Heb je al eens 5m voor een hoorngeladen top gestaan met 12"/2" met 400W erachter? Daar blijf ik toch nie lang staan.





> citaat: Gewoon groen, geel, blauw & rood. Meneer heeft de foto's alleen een digitale twist gegeven. Daarom is de hele foto ook groen/rood...Dus snap het speciale niet



Euhh heb al serieus moeten sukkelen en moeite doen om die foto's hierop te krijgen(hé tom),laat staan om die nog eens te bewerken.hou ik mij niet mee bezig.Ze zijn zoals ze zijn en anders kijk je er maar langsdoor...

Over mogelijke vragen over kabelrotzooi...die waren toen nog niet opgeruimd.

----------


## jack

is dit in victoria?

SJEEK DE BAZE

----------


## Davy Gabriels

tja meer vermogen op subs...dan kunnen toppen niet meer volgen.

----------


## Iko

heej weet iemand waarom ik vannacht 8 mailtjes heb gekregen met het onderwerp: Re: foto's flash ... en dan als afzender Destiny 2 keer davy gabriels 3 keer, Olaf Duffhues 2 keer... iemand enig idee wat het is een waarom ik het krijg?

greetzz Iko

----------


## Dj Spyder

Hoe bevallen die American Dj amps je ?
naar't schijnt zijn ze beregoed !

----------


## Davy Gabriels

versterkers zijn goed,maar je moet ze natuurlijk niet vergelijken met crest,crown,...
Je kan ze vergelijken met QSC RMX serie,alleen heeft ADJ wel een zwaarder model (2x1000W).En ze hebben ingebouwde sub xover,high pass,...

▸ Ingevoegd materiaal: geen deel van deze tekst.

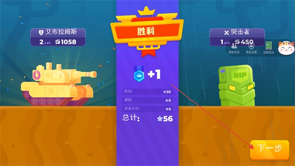 摧毁敌方坦克后,即可获取胜利奖励,点击下一步便能继续挑战后续关卡。
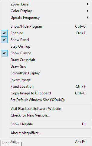 Magnifixer 10.2 — это легковесная и удобная утилита для увеличения изображения на экране, разработанная компанией Blacksun Software. Программа поддерживает русский язык и отлично подойдёт как пользователям с ослабленным зрением, так и специалистам, которым требуется точность при работе с мелкими деталями, например, дизайнерам или верстальщикам. Утилита позволяет увеличивать фрагмент экрана в районе курсора мыши, не закрывая и не мешая основные окна приложений.
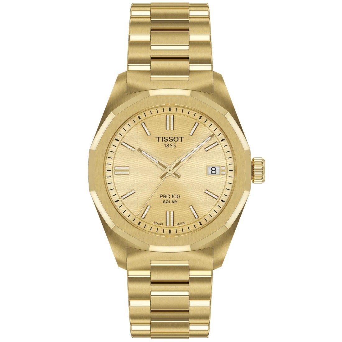 El PRC 100 fue reconocido por su llamativo diseño, haciéndose un hueco en la colección de Tissot. Hoy, vuelve con un movimiento pionero Lightmaster Solar Quartz, que aprovecha la energía fotovoltaica para alimentar cada segundo. Con su caja de acero inoxidable mm y su atrevido bisel dodecagonal, este modelo irradia confianza. Bajo su elegante cristal de zafiro se esconde un movimiento de cuarzo alimentado por energía solar, diseñado para recargarse sin esfuerzo tanto con luz natural como artificial. El indicador de fin de energía garantiza un rendimiento óptimo

Tja DJ Iko, ik heb dat ook al aan de hand gehad,dat ik zo rare mails krijg van forumcollega's...

----------


## Niek...

Blijkbaar waardeert iedereen mijn mening niet echt...soie





> citaat: Inderdaad.. waarom moet een meubel altijd zo ontzettend lomp en groot zijn? moet gewoon staan wat er hoort te staan, punt uit.

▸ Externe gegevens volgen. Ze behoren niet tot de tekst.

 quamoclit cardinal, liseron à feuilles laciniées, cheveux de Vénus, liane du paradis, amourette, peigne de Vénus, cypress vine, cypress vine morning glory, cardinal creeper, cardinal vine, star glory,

Het oog wil ook wat. Dit kleine meubel is weliswaar praktisch (en het bevat wat het hebben moet), niemand kan echter ontkennen dat een ietwat groter meubel gewoon beter bij de 9 mtr.show had gestaan. 





> citaat: Vindt het commentaar van Niek beetje sneu...Zijn nette fotoos, kan er nix aan bewerking in vinden, zie gewoon zoals het er uit ziet meer spullen zijn er niet het voldoet en de prijs wordt betaald. Natuurlijk kunnen ze mij ook bellen en dan huf ik het zaaltje wel vol met truss, scans, yokes en een kudde parren waarmee we het hele dorp kunnen verwarmen...maar om dat soort snoeverij geven we niet toch?

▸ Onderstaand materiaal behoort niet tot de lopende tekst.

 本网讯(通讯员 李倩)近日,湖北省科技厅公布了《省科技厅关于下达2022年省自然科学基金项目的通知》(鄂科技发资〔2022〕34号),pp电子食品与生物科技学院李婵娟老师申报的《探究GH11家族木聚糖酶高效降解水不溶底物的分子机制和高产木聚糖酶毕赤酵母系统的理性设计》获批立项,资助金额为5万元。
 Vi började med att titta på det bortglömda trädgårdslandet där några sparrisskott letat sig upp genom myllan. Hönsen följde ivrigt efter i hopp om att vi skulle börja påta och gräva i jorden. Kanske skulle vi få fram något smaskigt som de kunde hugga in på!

En waarom is mijn comment sneu? Omdat jij het er niet mee eens bent? Ik heb ook onderschreven dat het er wel netjes uitziet, ik zou enkele zaken echter anders gedaan hebben. Maakt dat mij sneu? Daarnaast meen ik te zien dat een enkele foto wel errug groen is, Davy zegt echter niets van bewerking te weten. Ik geloof hem daar op, het gaat immers om een lullig onderwerp als digitale bewerking. Daar ga ik geen discussie over voeren.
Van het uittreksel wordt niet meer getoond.